***** EXTRACTED INFORMATION

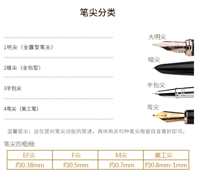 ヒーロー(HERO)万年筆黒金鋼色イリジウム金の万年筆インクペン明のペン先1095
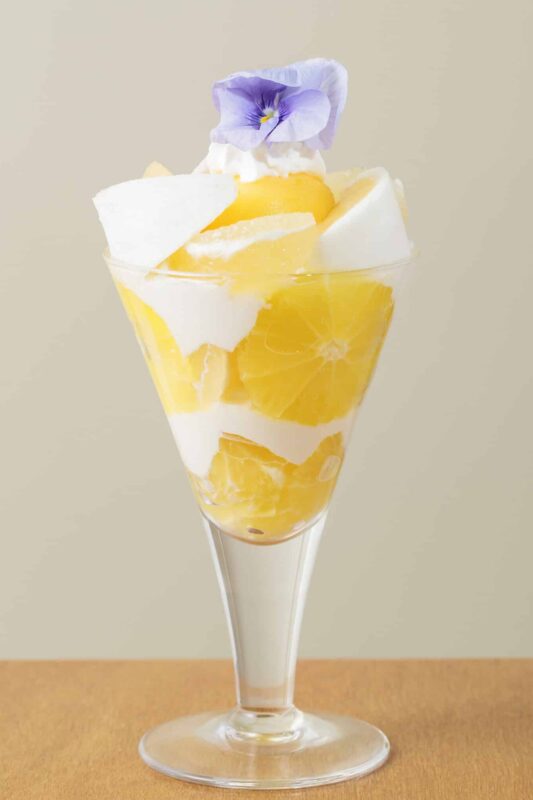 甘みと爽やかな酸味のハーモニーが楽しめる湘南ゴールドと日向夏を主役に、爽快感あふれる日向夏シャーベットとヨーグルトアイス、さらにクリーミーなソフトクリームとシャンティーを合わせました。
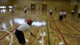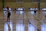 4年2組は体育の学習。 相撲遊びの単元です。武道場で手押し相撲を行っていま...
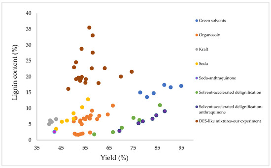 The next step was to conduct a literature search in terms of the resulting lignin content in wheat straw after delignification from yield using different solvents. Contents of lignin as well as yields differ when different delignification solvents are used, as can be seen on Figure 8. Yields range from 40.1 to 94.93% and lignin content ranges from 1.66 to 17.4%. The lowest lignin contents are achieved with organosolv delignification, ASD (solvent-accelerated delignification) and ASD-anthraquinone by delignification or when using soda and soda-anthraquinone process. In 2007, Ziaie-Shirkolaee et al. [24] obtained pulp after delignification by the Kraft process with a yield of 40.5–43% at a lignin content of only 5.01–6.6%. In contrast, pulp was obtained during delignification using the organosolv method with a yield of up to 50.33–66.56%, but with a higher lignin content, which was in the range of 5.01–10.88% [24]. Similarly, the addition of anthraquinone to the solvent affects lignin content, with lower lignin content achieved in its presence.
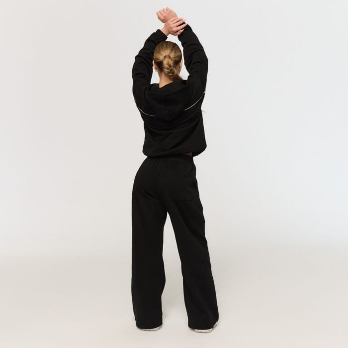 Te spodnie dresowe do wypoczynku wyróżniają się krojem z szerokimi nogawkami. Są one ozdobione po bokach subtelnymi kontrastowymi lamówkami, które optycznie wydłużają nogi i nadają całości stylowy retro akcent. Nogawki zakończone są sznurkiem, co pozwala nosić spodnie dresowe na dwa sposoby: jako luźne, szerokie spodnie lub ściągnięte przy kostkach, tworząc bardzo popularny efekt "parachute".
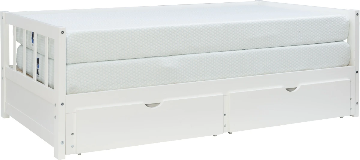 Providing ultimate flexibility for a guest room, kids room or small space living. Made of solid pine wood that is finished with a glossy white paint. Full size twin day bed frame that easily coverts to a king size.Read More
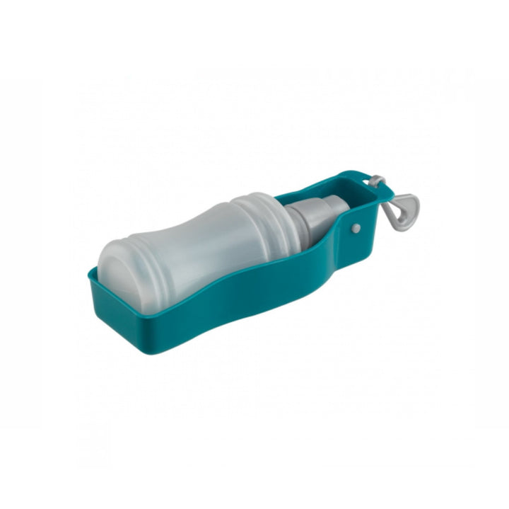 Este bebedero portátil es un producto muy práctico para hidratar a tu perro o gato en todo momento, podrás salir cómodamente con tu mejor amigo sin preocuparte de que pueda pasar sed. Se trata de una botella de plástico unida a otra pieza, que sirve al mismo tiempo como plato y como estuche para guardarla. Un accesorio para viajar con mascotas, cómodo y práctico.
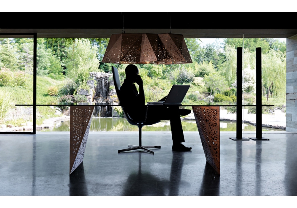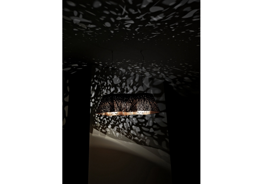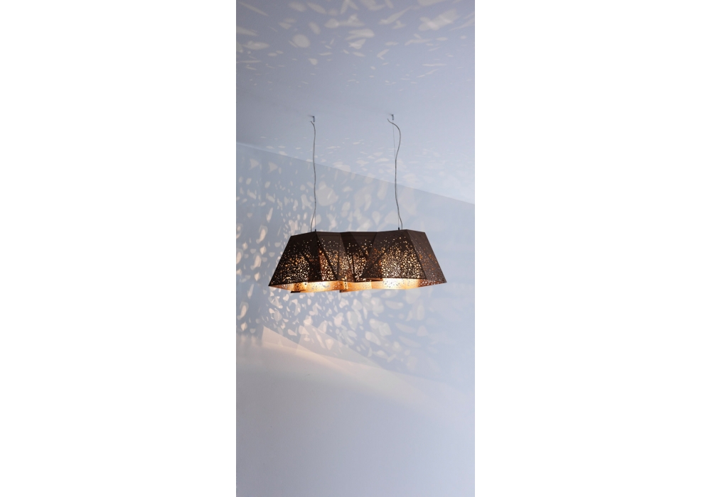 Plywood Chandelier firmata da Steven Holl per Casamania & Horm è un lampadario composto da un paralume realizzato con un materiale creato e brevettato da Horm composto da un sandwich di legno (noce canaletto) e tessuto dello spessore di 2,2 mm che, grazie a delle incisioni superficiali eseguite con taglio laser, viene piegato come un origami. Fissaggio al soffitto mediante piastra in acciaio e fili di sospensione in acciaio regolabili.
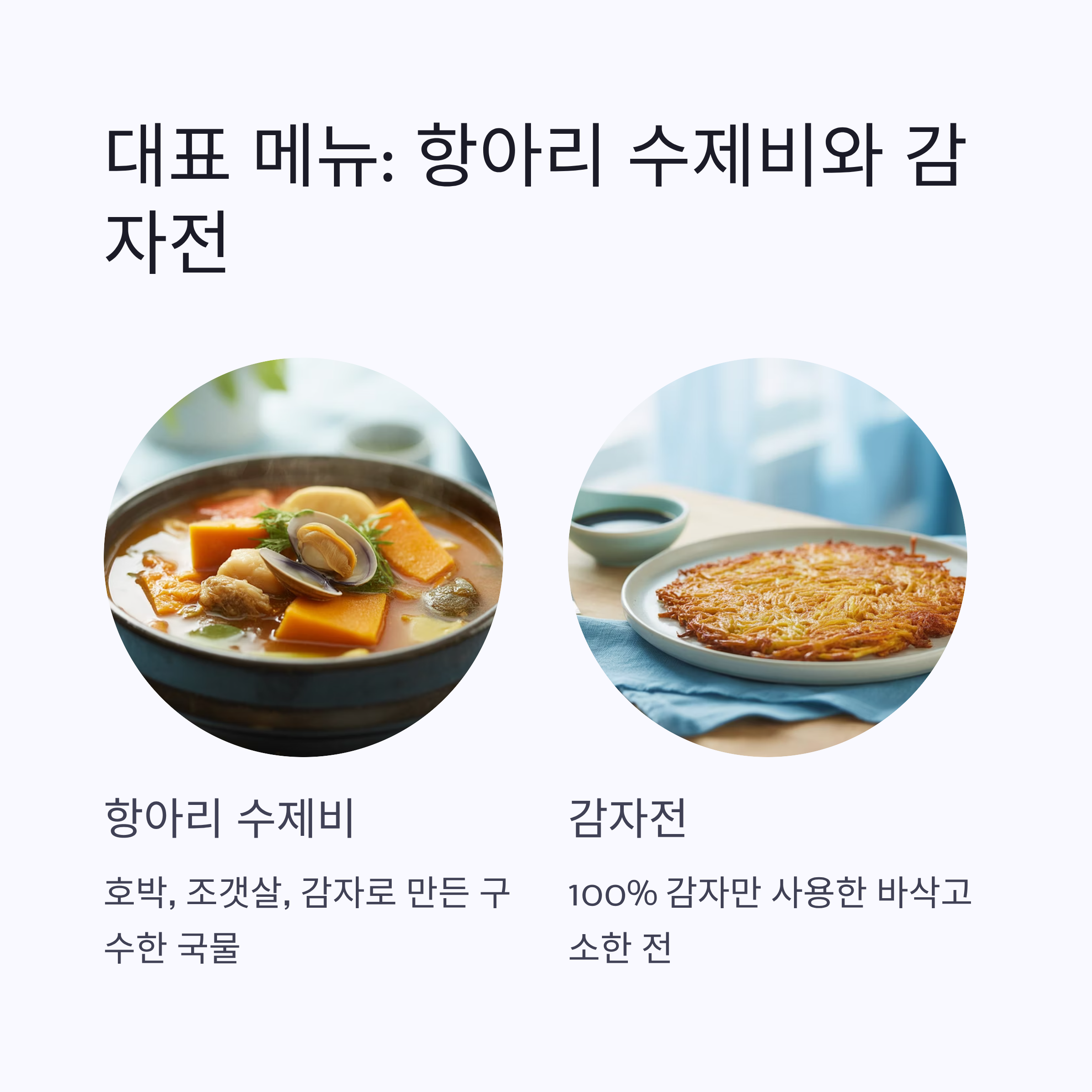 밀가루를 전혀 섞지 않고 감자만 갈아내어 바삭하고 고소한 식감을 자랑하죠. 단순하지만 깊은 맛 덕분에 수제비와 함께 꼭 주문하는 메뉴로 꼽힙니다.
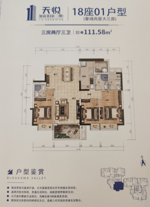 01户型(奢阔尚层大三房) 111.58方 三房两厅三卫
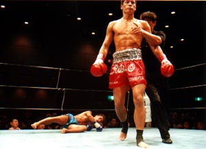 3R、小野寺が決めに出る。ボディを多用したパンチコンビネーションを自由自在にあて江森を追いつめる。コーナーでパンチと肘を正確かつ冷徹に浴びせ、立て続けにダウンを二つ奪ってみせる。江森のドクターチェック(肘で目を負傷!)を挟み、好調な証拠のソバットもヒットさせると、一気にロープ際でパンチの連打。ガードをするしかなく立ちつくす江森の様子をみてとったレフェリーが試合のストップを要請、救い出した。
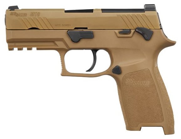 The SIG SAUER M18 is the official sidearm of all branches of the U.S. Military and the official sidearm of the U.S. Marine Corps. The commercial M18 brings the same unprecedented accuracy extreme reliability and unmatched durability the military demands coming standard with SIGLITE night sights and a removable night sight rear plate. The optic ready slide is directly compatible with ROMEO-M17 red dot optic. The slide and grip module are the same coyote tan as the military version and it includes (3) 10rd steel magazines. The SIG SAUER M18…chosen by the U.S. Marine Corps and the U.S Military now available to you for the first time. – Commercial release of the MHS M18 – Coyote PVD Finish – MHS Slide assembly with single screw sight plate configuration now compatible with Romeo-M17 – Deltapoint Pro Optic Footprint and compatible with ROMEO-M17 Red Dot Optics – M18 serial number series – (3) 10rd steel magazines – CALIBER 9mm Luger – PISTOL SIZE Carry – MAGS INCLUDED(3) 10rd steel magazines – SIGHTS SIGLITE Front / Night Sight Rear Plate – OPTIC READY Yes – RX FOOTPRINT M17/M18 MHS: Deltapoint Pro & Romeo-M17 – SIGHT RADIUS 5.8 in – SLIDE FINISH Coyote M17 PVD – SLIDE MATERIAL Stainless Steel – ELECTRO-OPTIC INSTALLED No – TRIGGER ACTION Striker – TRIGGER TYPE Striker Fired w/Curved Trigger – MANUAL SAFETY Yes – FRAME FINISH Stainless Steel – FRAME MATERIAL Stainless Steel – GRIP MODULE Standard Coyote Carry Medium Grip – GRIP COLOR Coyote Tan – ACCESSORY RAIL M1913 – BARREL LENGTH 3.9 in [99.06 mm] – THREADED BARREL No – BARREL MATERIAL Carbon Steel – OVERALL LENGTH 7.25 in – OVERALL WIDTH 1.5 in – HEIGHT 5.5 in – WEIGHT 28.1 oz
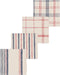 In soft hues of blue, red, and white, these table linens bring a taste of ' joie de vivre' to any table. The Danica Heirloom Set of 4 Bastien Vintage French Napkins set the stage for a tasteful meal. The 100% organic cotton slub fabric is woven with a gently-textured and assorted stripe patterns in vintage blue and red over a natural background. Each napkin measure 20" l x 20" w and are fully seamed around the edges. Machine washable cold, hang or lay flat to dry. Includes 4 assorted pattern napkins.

**********

*THE PROBLEM:* Please return, exactly as written, the lines from the first line of the records above through the line containing "Este bebedero portátil", both included, leaving out any pictures.

*SOLUTION FOR THIS EXERCISE:*
 ヒーロー(HERO)万年筆黒金鋼色イリジウム金の万年筆インクペン明のペン先1095
 甘みと爽やかな酸味のハーモニーが楽しめる湘南ゴールドと日向夏を主役に、爽快感あふれる日向夏シャーベットとヨーグルトアイス、さらにクリーミーなソフトクリームとシャンティーを合わせました。
 4年2組は体育の学習。 相撲遊びの単元です。武道場で手押し相撲を行っていま...
 The next step was to conduct a literature search in terms of the resulting lignin content in wheat straw after delignification from yield using different solvents. Contents of lignin as well as yields differ when different delignification solvents are used, as can be seen on Figure 8. Yields range from 40.1 to 94.93% and lignin content ranges from 1.66 to 17.4%. The lowest lignin contents are achieved with organosolv delignification, ASD (solvent-accelerated delignification) and ASD-anthraquinone by delignification or when using soda and soda-anthraquinone process. In 2007, Ziaie-Shirkolaee et al. [24] obtained pulp after delignification by the Kraft process with a yield of 40.5–43% at a lignin content of only 5.01–6.6%. In contrast, pulp was obtained during delignification using the organosolv method with a yield of up to 50.33–66.56%, but with a higher lignin content, which was in the range of 5.01–10.88% [24]. Similarly, the addition of anthraquinone to the solvent affects lignin content, with lower lignin content achieved in its presence.
 Te spodnie dresowe do wypoczynku wyróżniają się krojem z szerokimi nogawkami. Są one ozdobione po bokach subtelnymi kontrastowymi lamówkami, które optycznie wydłużają nogi i nadają całości stylowy retro akcent. Nogawki zakończone są sznurkiem, co pozwala nosić spodnie dresowe na dwa sposoby: jako luźne, szerokie spodnie lub ściągnięte przy kostkach, tworząc bardzo popularny efekt "parachute".
 Providing ultimate flexibility for a guest room, kids room or small space living. Made of solid pine wood that is finished with a glossy white paint. Full size twin day bed frame that easily coverts to a king size.Read More
 Este bebedero portátil es un producto muy práctico para hidratar a tu perro o gato en todo momento, podrás salir cómodamente con tu mejor amigo sin preocuparte de que pueda pasar sed. Se trata de una botella de plástico unida a otra pieza, que sirve al mismo tiempo como plato y como estuche para guardarla. Un accesorio para viajar con mascotas, cómodo y práctico.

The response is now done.